======== INPUT RECORDS ========

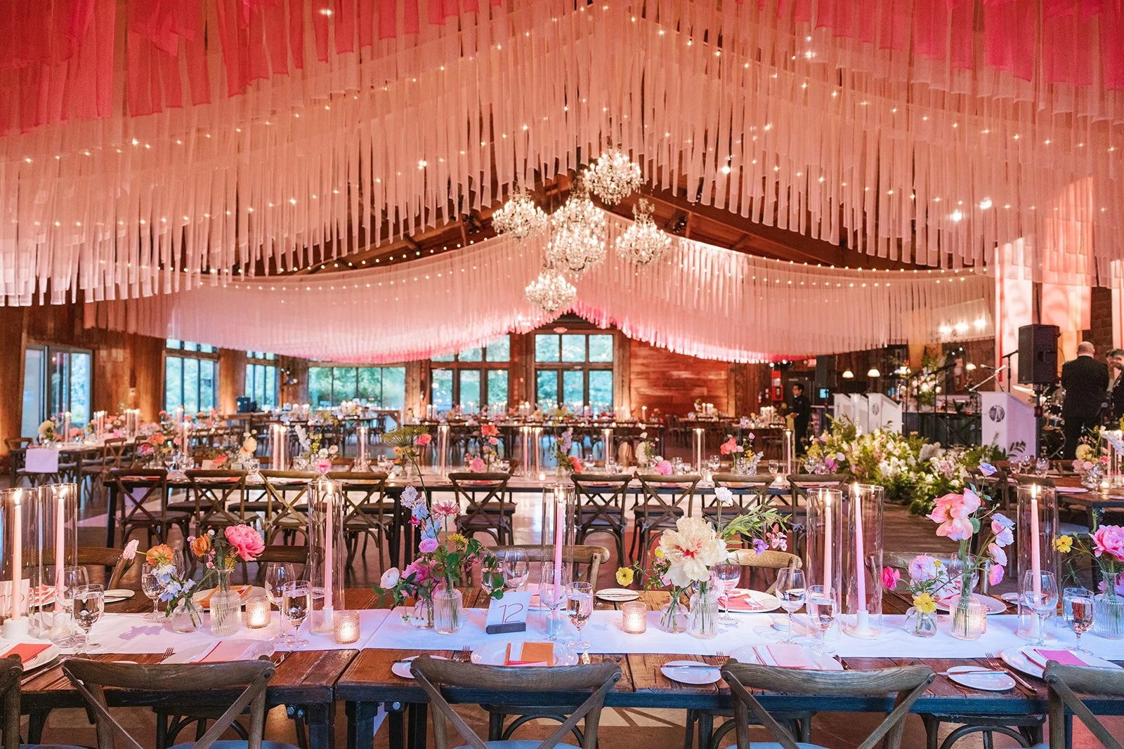 The following morning began with a peaceful yoga session on the treehouse deck as rain gently fell, followed by spirited color wars beneath the tent. The lakeside ceremony featured custom-designed pedestals in assorted modern shapes, each topped with florals that echoed the aisle arrangements. Rain paused just long enough for an emotional ceremony before guests were ushered into cocktail hour on the tented barn patio, where a contemporary, colorful lounge and a record-inspired escort display—highlighting the groom’s favorite albums—set the tone. Inside the barn, guests were greeted by a dramatic fabric installation in ombré shades of pink overhead. Low, vibrant centerpieces allowed the ceiling to take center stage, while a pink band backdrop, white dance floor, and even hot pink, orange, and yellow napkins completed the look. The result was a bold, joyful celebration that perfectly reflected Maggie and Adam’s bright personalities.
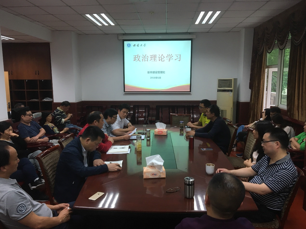 61日下午,基本建设管理处组织全体人员在基本建设管理处二会议室进行了2018年第四次政治理论学习,会议由基本建设管理处支部书记、副处长吴新宇同志主持。
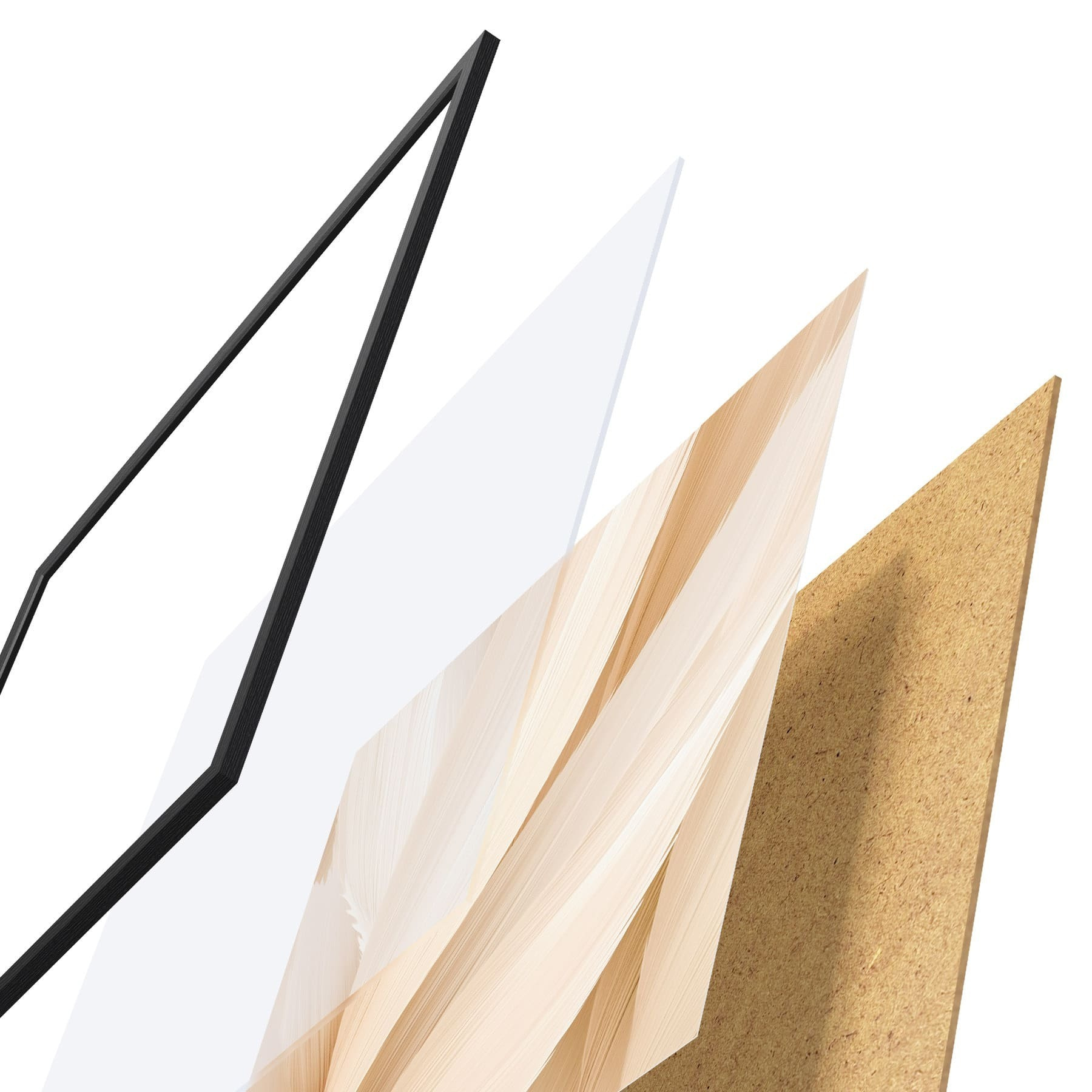 De poster bestaat uit een frame, plexiglas, geprinte afbeelding en spaanplaat achterkant. De poster kan meteen aan de muur worden gehangen dankzij de bevestigingen op de achterkant.
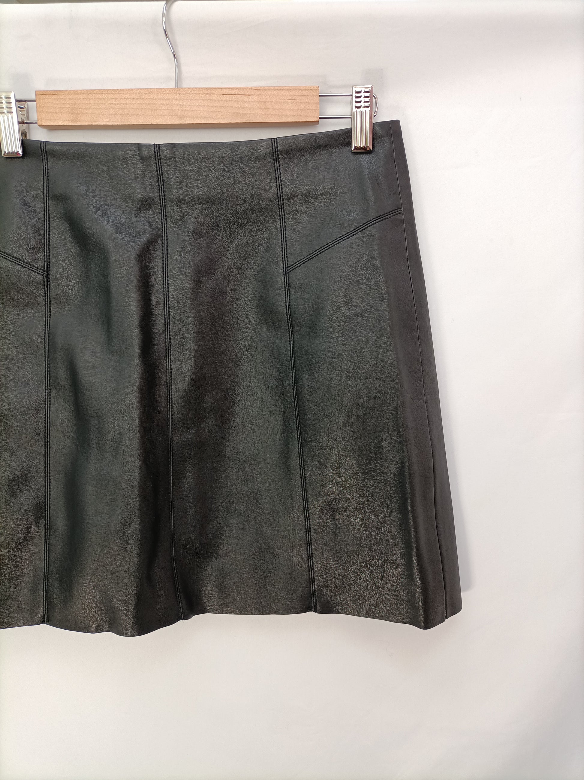 Short black faux leather skirt. Non-elastic. Waist 36 cm, Length 43 cm.
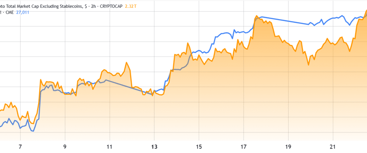 Nasdaq 100 futures (left) vs. Total crypto market capitalization, USD (right). Source: TradingView
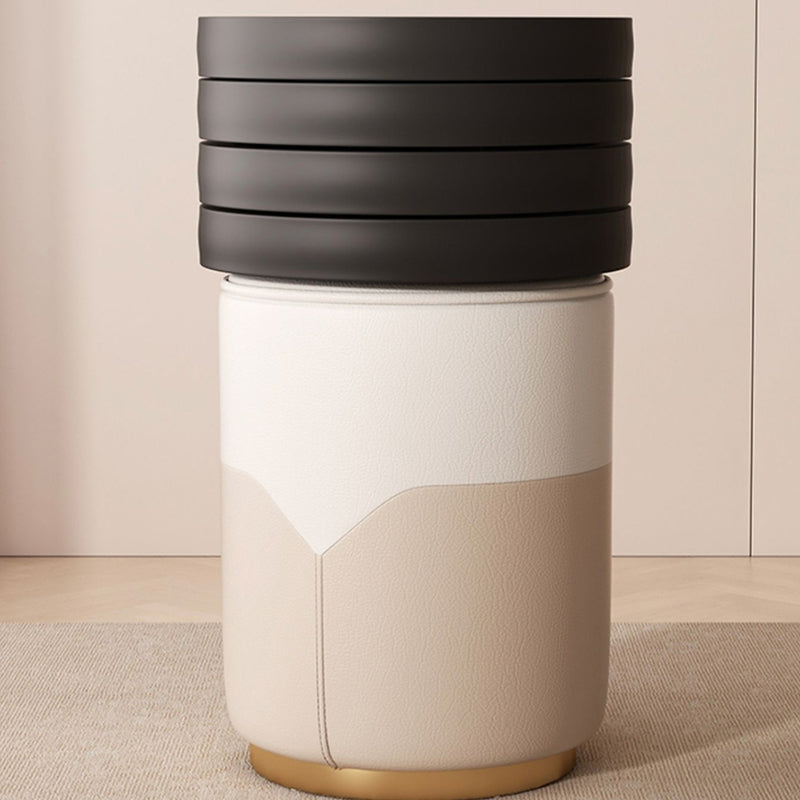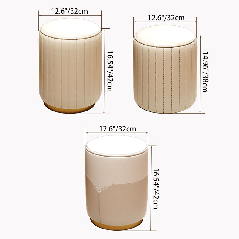 Modern Luxury Cylinder Cat Scratch Leather Solid Wood Metal Vanity Stool For Bedroom
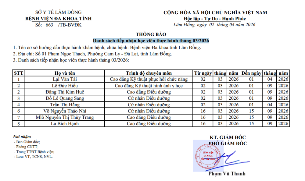 | 1797/BVĐK-TCNS | Báo cáo danh sách người thực hành khám bệnh, chữa bệnh tại Bệnh viện Đa khoa Lâm Đồng | 2025-06-10 00:00:00 |
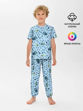 Детская пижама с брюками / Дождливая осень.Тучки и дождь
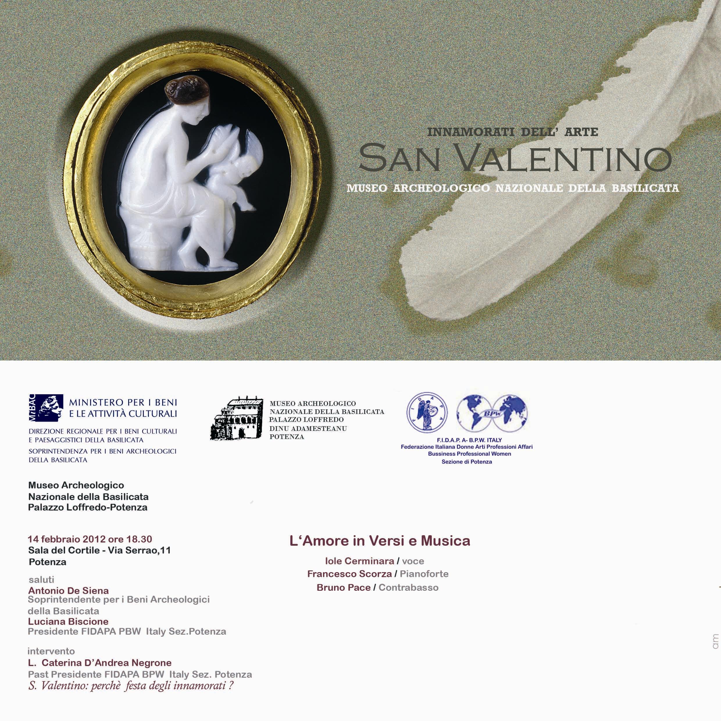 Viaggio emozionale attraverso le più belle canzoni d’amore della grande tradizione cantautorale italiana e internazionale. I brani saranno accompagnati dalla lettura di versi d’amore scritti dalle più celebri firme della poesia. L’iniziativa rientra nelle manifestazioni promosse dal Ministero per i Beni Culturali per la Festa di San Valentino ed è organizzata dalla Soprintendenza per i Beni Archeologici della Basilicata in collaborazione con la Sezione di Potenza dell’Associazione F.I.D.A.P.A.-B.P.W. Italy (Federazione Italiana Donne Arti Professioni Affari Business Professional Women).

========

**DESCRIPTION OF THE TASK**
Return the lines of the data above in full and exactly, with no pictures.

**SOLUTION FOR THIS PROBLEM**
 The following morning began with a peaceful yoga session on the treehouse deck as rain gently fell, followed by spirited color wars beneath the tent. The lakeside ceremony featured custom-designed pedestals in assorted modern shapes, each topped with florals that echoed the aisle arrangements. Rain paused just long enough for an emotional ceremony before guests were ushered into cocktail hour on the tented barn patio, where a contemporary, colorful lounge and a record-inspired escort display—highlighting the groom’s favorite albums—set the tone. Inside the barn, guests were greeted by a dramatic fabric installation in ombré shades of pink overhead. Low, vibrant centerpieces allowed the ceiling to take center stage, while a pink band backdrop, white dance floor, and even hot pink, orange, and yellow napkins completed the look. The result was a bold, joyful celebration that perfectly reflected Maggie and Adam’s bright personalities.
 61日下午,基本建设管理处组织全体人员在基本建设管理处二会议室进行了2018年第四次政治理论学习,会议由基本建设管理处支部书记、副处长吴新宇同志主持。
 De poster bestaat uit een frame, plexiglas, geprinte afbeelding en spaanplaat achterkant. De poster kan meteen aan de muur worden gehangen dankzij de bevestigingen op de achterkant.
 Short black faux leather skirt. Non-elastic. Waist 36 cm, Length 43 cm.
 Nasdaq 100 futures (left) vs. Total crypto market capitalization, USD (right). Source: TradingView
 Modern Luxury Cylinder Cat Scratch Leather Solid Wood Metal Vanity Stool For Bedroom
 | 1797/BVĐK-TCNS | Báo cáo danh sách người thực hành khám bệnh, chữa bệnh tại Bệnh viện Đa khoa Lâm Đồng | 2025-06-10 00:00:00 |
 Детская пижама с брюками / Дождливая осень.Тучки и дождь
 Viaggio emozionale attraverso le più belle canzoni d’amore della grande tradizione cantautorale italiana e internazionale. I brani saranno accompagnati dalla lettura di versi d’amore scritti dalle più celebri firme della poesia. L’iniziativa rientra nelle manifestazioni promosse dal Ministero per i Beni Culturali per la Festa di San Valentino ed è organizzata dalla Soprintendenza per i Beni Archeologici della Basilicata in collaborazione con la Sezione di Potenza dell’Associazione F.I.D.A.P.A.-B.P.W. Italy (Federazione Italiana Donne Arti Professioni Affari Business Professional Women).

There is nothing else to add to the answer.